1. Introduction
The wide variety of applications of oscillating structures in a fluid flow has drawn a lot of interest in the past decades. Numerous academic and industrial investigations have led to considerable advances in fluid dynamics and moving deformable structures [
1]. Oscillating structures in a fluid flow can perform in two distinct modes: Power extraction and propulsion [
2]. While the later has been widely investigated, among others, for aerodynamics or propulsion of flying and aquatic species [
3], the former remains a recent application.

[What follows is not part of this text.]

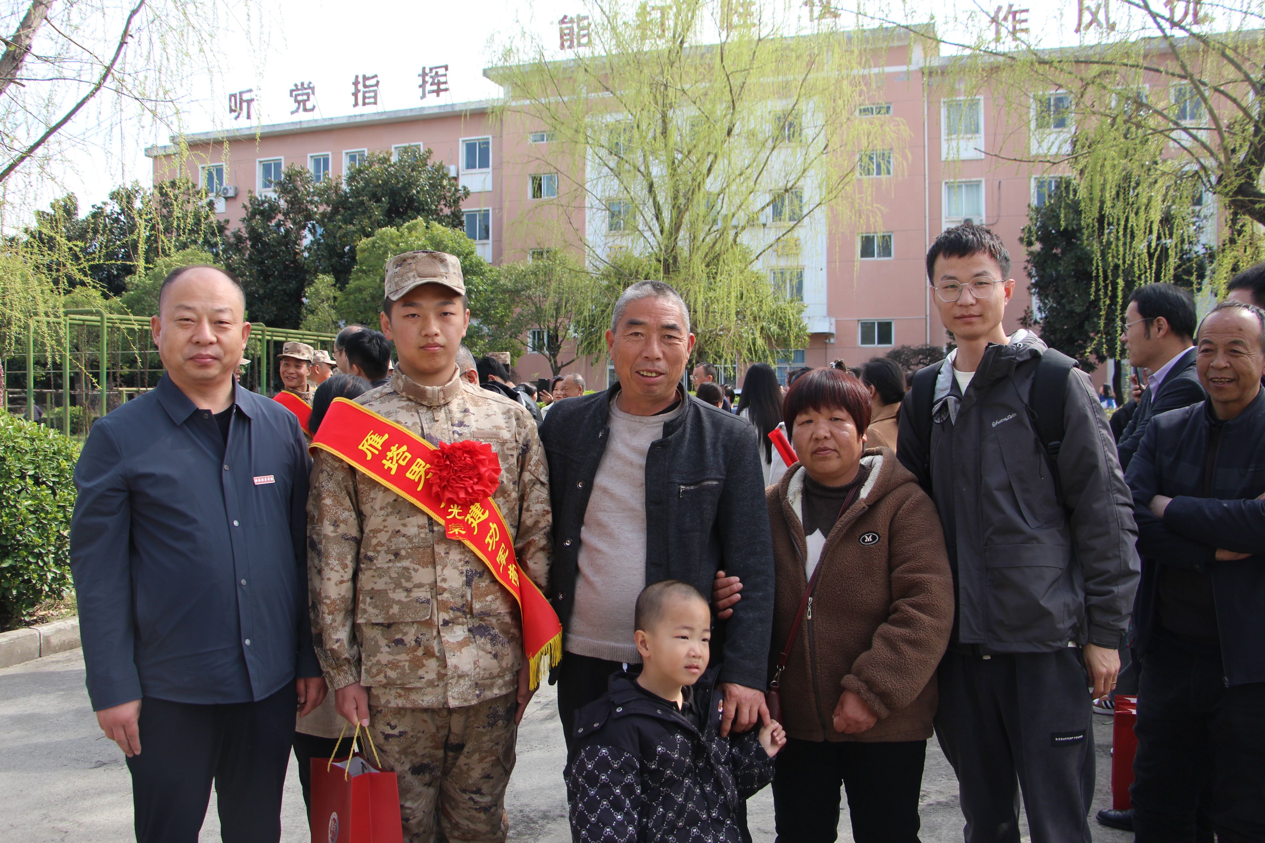 我校入伍新兵身着戎装,胸戴红花,精神抖擞。他们表示到部队后,一定会安心服役,刻苦训练,争当优秀士兵,不辜负家学校、老师和家人的殷切期望。

Recent interest in wind and tidal energies has led to various researches in order to understand the dynamics of tidal and wind turbines, and underlying physics [
4,
5,
6,
7]. Indeed, heaving and pitching movements of submerged structures have been the subject of numerical [
4,
8,
9] and experimental analysis [
3,
5,
10]. These works were actively interested in optimizing the hydrodynamic performance of these structures, such as minimizing drag or maximizing their thrust or lift, depending on their use [
2,
11,
12]. However, most of these studies are based on 2D modeling of immersed rigid solids. Therefore they do not take into account the Fluid-Structure Interactions (FSI) effects [
1]. More recently, with the advances in computing resources and numerical coupling methods in FSI, realistic and efficient full-scale simulations are now possible [
7].
Structure flexibility can enhance thrust and drag efficiency of a moving foil [
6,
13]. This behavior has been observed in natural phenomena and since then, studied for propulsion and energy extraction. Flexible flukes, for instance, boost the thrust efficiency of bottlenose dolphins by around 20% [
14]. Studies have shown that deformations of flexible structures must be precisely anticipated since they have a significant influence on structural performance [
15]. Therefore, studies on the flexibility of blade materials have been carried out to improve the efficiency of wind and water turbines. For both technologies, flexible blades have been shown to act as a passive pitch control mechanism by making a dynamic adjustment and can prevent the stall effect [
16]. Moreover, the flexibility of the blades provides higher thrust, lower normal forces, and minimal torque as well as reduced turbine vibrations, leading to higher efficiency and a significant increase of the self-starting capability [
6,
15,
16].
Monolithic and partitioned approaches are two of the most well-known numerical methods for handling FSI problems [
17,
18,
19]. The monolithic method is more accurate than partitioned approaches and unconditionally stable [
20]. It is, however, more difficult to implement. Therefore, it is often employed to solve simple FSI problems. Otherwise, partitioned methods are widely adopted in practice due to their ease of implementation. Indeed, by coupling with a dedicated interface, the conventional Computational Fluid Dynamics (CFD) and Computational Solid Dynamics (CSD) programs, they can be utilized for this purpose. In order to ensure the stability and accuracy of this approach for a wide range of applications, various coupling schemes have been developed. In addition, partitioned approaches allow the use of simplified models for the fluid or the structure, independently of one another. For instance, the slender structure can be modeled with beam theory [
21,
22].
While FSI numerical approaches for analyzing the dynamic response of embedded deformable structures are commonly employed [
23,
24], taking into account, in addition to deformations, large free or forced displacements of the structure remains an unexplored field of investigation in the literature. Indeed, multiple sophisticated models are needed to acquire a reasonable description of the fluid and structural dynamics, as well as the dynamic mesh [
19,
25]. For any of these reasons, experimental investigations are more common in this situation. They are, however, still complex and expensive to set up [
3,
5,
11,
26].
As previously shown, the efficiency of rotating wind and tidal turbines can be improved by using flexible blades. While numerous numerical and experimental investigations on rigid oscillating structures have been carried out in order to enhance their hydrodynamic performances, only few of them have investigated the fluid-induced deformations effects on these systems [
27]. In addition, most of these works focused on the propulsive performances of the structure and not on the power extraction performances. For example, Alben [
28] employed an analytical model to establish that the thrust power of a flexible and pitching structure has a series of resonant peaks as a function of its flexibility. David et al. [
29] present an experimental work on the study of the thrust generation of a pitching and rigid foil with flexible flaps connected to its trailing edge. It has been established that the flexible flap significantly improves the thrust performance.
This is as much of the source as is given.